Hypersensitivity and Immunological Disorders

Hypersensitivity is the pathological consequence that leads to the fatal host responses mediated by the immune system. It occurs when a pre-sensitized immune system of the host overreacts in response to an antigen.

Hyperactive immune system thus produces effector molecules that induce inflammatory responses, which is undesirable to the hosts.

P. G. H. Gell and R. R. A. Coombs classified hypersensitivity reactions into four types based on the reactions involved and mediators. They are type I or IgE-mediated hypersensitivity, type II or antibody-mediated hypersensitivity, type III or immune complex-mediated hypersensitivity, and type IV or delayed-type hypersensitivity. Among these four types, first three are categorized under humoral immune responses and the last one is under cell-mediated immune response. Types I, II, and III are also called immediate hypersensitivity due to their earlier onset.

5.4.1 Type I or IgE-Mediated Hypersensitivity

Type I hypersensitivity reactions occur in response to some antigens called allergens that bind with IgE molecules. The allergen-IgE complexes thus produced attach with the mast cells or basophils to cause degranulation and release some inflammatory mediators. It can take 15-30 min from the time of exposure to the antigen. The allergens are of different types. They may be pollens of birch tree, rag seed, or rapeseed oil; drugs such as penicillin or salicylate; foods like nuts, eggs, or seafood; and insect products like bee venom and animal hair. Type I hypersensitivity reaction is mediated by IgE, which binds with the primary cellular components of type I hypersensitivity reactions of mast cell or basophil. The other cellular components such as platelets, neutrophils, and eosinophils help to amplify the reaction.

5.4.1.1 Mechanism of Type I Hypersensitivity Reaction

Production of IgE antibody: The initial response of type I hypersensitivity is similar humoral response, except the nature of antibody produced.

In exposure to normal antigens, IgG or IgM is produced, but in response to allergens, IgE is produced.

Sensitization: The IgE antibody thus produced binds with FcRI receptors present in mast cells or basophils and sensitizes them. It is also called pre-sensitization of immune system against the particular allergen.

Shocking dose of antigen: The second exposure of the allergens is called shocking dose. During the second exposure, the allergens bind with Fab region of IgE molecules attached on the surface of mast cells or basophils during the pre-sensitization stage.

Activation and degranulation of mast cell: Binding of allergens to IgE antibody causes the activation of mast cells or basophils through intracellular signaling cascade by phosphorylation, adenylation, and methylation.
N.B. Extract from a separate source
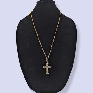 This vintage necklace is made of a gold tone metal and has a long continuous chain without an opening. The pendant is attached by a jump ring in its top and is shaped like a cross, designed in a damascene style. The cross is stamped SPAIN in the center of the back. There is normal wear throughout and it appears that the chain is not original, but there are no issues affecting wearability.

The activated mast cells undergo degranulation and release certain pharmacologically active substances of various functions detailed in Table 5.12.

5.4.1.2 AnaphylacticReactions

Pharmacologically active substances released from mast cells cause vasodilation, smooth muscle contraction, mucus production, and sneezing that leads to allergic response either localized or systemic.
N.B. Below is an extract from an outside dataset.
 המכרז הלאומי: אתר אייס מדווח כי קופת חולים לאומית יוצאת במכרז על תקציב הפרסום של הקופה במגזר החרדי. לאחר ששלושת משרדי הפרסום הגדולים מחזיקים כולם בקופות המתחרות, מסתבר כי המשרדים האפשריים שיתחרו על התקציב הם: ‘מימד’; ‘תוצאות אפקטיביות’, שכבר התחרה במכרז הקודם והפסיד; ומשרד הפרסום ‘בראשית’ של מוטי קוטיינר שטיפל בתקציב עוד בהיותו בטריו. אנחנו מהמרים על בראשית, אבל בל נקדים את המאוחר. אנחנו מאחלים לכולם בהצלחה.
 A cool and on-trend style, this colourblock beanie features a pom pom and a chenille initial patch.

5.4.1.3 Examples of Type I Hypersensitivity Reactions

The manifestation of type I hypersensitivity reactions could be either localized or systemic. The generalized type I hypersensitivity leads to systemic anaphylaxis (anaphylactic shock) with a short period of time after the exposure of the allergens. Lung is the primary target organ for most of the domestic animals, but in dogs, the liver is mostly affected. The clinical signs include excitement, pruritus, salivation, vomiting, dyspnea, convulsions, or even death. The localized type I hypersensitivity includes allergic rhinitis, asthma, allergic enteritis, and atopic dermatitis.

5.4.2 Type II or Antibody-Mediated Hypersensitivity

In this reaction, the antibodies (IgG or IgM) induced against cellular antigens and this antibody-mediated immune reaction lead to cellular damage by either of the three mechanisms.

1. The antibodies bind with the target cell that expresses the antigen. The Fc portion of the antibody binds with Fc receptor of the phagocytic cells and leads to the opsonization. The opsonin then activates phagocytic cell, and the target cell is phagocytosed. In some cases, the Ag-Ab complex activates complement system and terminal complement complex (C5b6789) and lysis of target cells. This is called antibody-dependent cellular cytotoxicity (ADCC). The classical examples are autoimmune hemolytic anemia and erythroblastosis fetalis.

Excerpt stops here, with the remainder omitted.